Comparison Between a Michigan C Corporation and a Michigan S Corporation
Usually the most important factors that go into a business owner's decision to incorporate have nothing to do with tax issues. Rather, most business people incorporate because they want to shield personal assets from trade creditors and litigation. (Corporate stockholders, unlike sole proprietors, are not personally liable for business obligations.)
However, once the decision to incorporate is made, the next decision that must be made is whether to set up the corporation as a C corporation or an S corporation. The "C" and "S" refer to subchapters in the IRS code that govern each corporation. There are big differences in tax treatment of C corporations and S corporations.
S corporations are pass-through entities. In other words, there is no corporate income tax on an S corporation. Instead, the profits flow through to the shareholders who are taxed at their personal income tax rates on corporate profits. In addition, S corporations allow active shareholders tax advantages such as sharing in operating losses, which are common in business start-ups.
But, while S corporations are terrific for many small businesses, they are not for everyone. There are a number of possible operational and tax disadvantages to S corporations. Potential operational disadvantages include limits on the number of shareholders, limits on the types of shareholders, and the requirement of having only one class of stock. Possible tax disadvantages include immediate taxation of earnings (the downside of pass-through entities) and limited employee fringe benefits.

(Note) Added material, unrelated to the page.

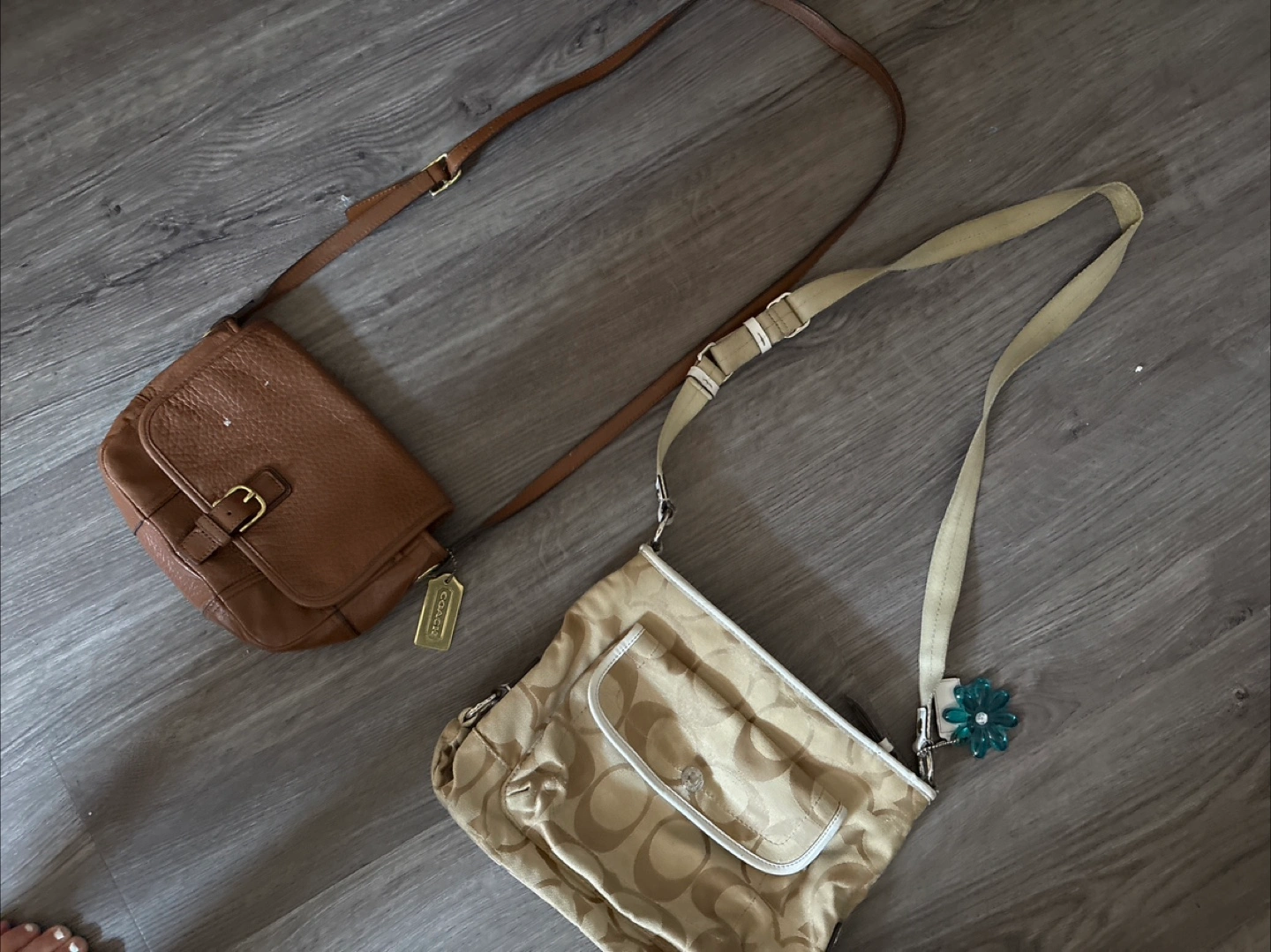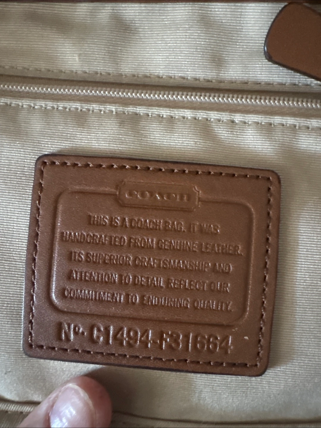 This is a Coach brown leather crossbody bag. It features genuine leather craftsmanship and attention to detail. The model number is C1494-F31664. It's a stylish and practical bag for everyday use!
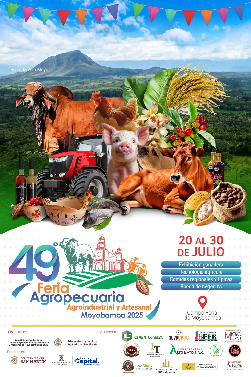 La ciudad de Moyobamba, capital de la región San Martín, será sede de la 49° Feria Agropecuaria, Artesanal y Turística San Martín 2025, uno de los eventos más importantes del calendario regional. Este se desarrollará del 20 al 30 de julio en el renovado Campo Ferial Ayaymama, con la participación de productores, emprendedores y comunidades de diversas localidades.

Depending on a business's operations and structure, a C corporation may be a better choice than an S corporation. Generally speaking, most of the "heavy hitters" out in the business world are C corporations. The reason is that C corporations allow for the widest variety of tax-advantaged fringe benefits. There is usually more flexibility in the capital structure of a C corporation, which can also be an advantage over an S corporation. Some of the tax advantages of C corporations include the ability to retain earnings for future growth, income splitting possibilities, increased options for fringe benefits, enhanced ability to claim operating losses (on the corporate level only), tax breaks on dividends received from other companies, and the ability to claim charitable deductions, which other business entities can't. Typically, once a company's annual net income exceeds $100,000, it should seriously consider becoming a C corporation if it isn't already.